Kinshasa. Betroffen von den Probebohrungen wäre auch das größte Regenwald-Schutzgebiet der Welt.

Der Kongo will Ölbohrungen in Teilen geschützter Nationalparks erlauben, in denen unter anderem vom Aussterben bedrohte Berggorillas und andere gefährdete Menschenaffen leben. Die Parks sind wegen ihrer einzigartigen Ökosysteme Unesco-Welterbestätten.

Bohrungen im größten Regenwald-Schutzgebiet der Welt

Im östlichen Virunga-Nationalpark soll ein Fünftel der Parkfläche für Ölbohrungen freigegeben werden, wie es in einem Kabinettsbeschluss hieß. Auch im zentralen Salonga-Park, der im Kongo-Becken liegt und als eines der größten Regenwald-Schutzgebiete der Welt gilt, sollen Bohrungen erlaubt werden, hieß es in dem am Freitagabend bekanntgewordenen Beschluss des Ministerrats.

Zunächst soll es um Probebohrungen gehen. Bislang ist nicht bekannt, ob sich eine internationale Ölfirma bereits Rechte in den betroffenen Gebieten gesichert hat. Die Aktivisten der Gruppe Global Witness hatten im Mai bereits vor dem Plan der Regierung gewarnt.

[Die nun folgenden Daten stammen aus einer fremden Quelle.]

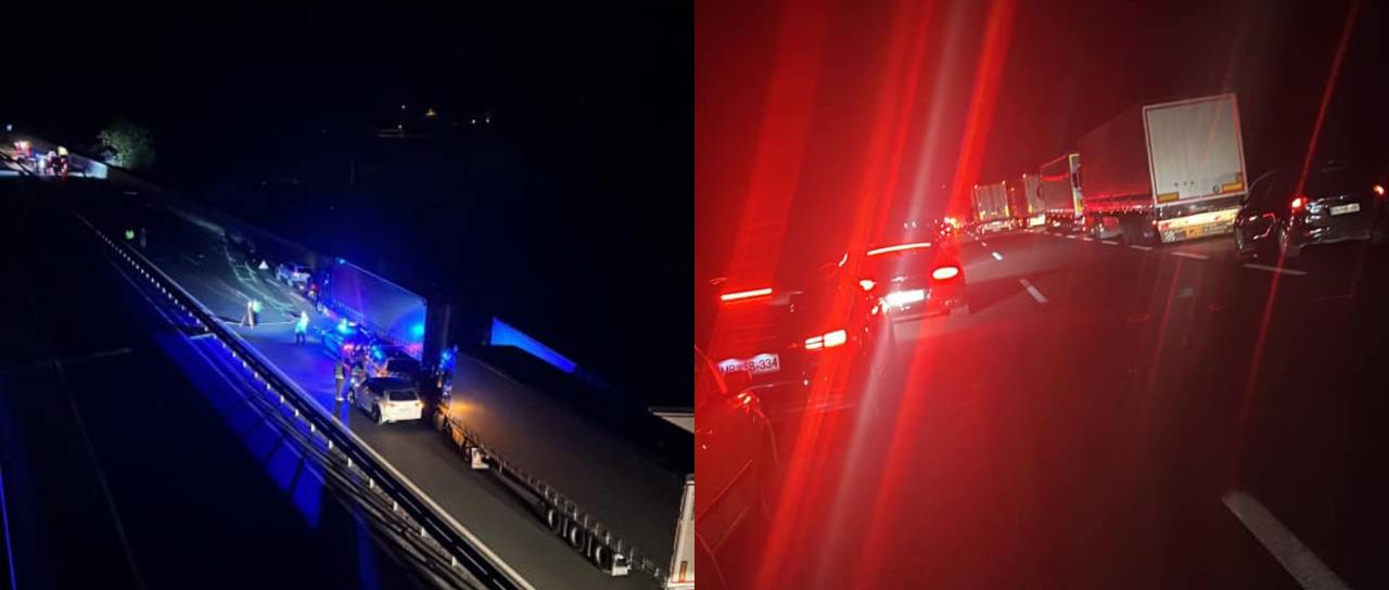 Po poročanju Uprave za zaščito in reševanje Republike Slovenije so ob 23.24 na avtocesti Slovenska Bistrica–Tepanje trčila tri osebna vozila.

Britische Firma prüfte Möglichkeit von Ölbohrungen

Der für seine große Artenvielfalt bekannte Virunga-Nationalpark ist etwa drei Mal so groß wie das Saarland. Dort sind rund ein Viertel der noch lebenden Berggorillas (Gorilla beringei beringei) zu Hause. Der Salonga mit einer Fläche von etwa 36.000 Quadratkilometern – etwa die Größe Baden-Württembergs – ist unter anderem Heimat der Zwergschimpansen (Pan paniscus).

Eine britische Firma, Soco International, hatte bereits vor einigen Jahren im Virunga-Nationalpark im Bereich des Edwardsees die Möglichkeit von Ölbohrungen geprüft. Ein internationaler Aufschrei – unterstützt von einem Oscar-nominierten Dokumentarfilm – führte jedoch zur Kehrtwende. Soco zog sich 2014 aus dem Kongo zurück.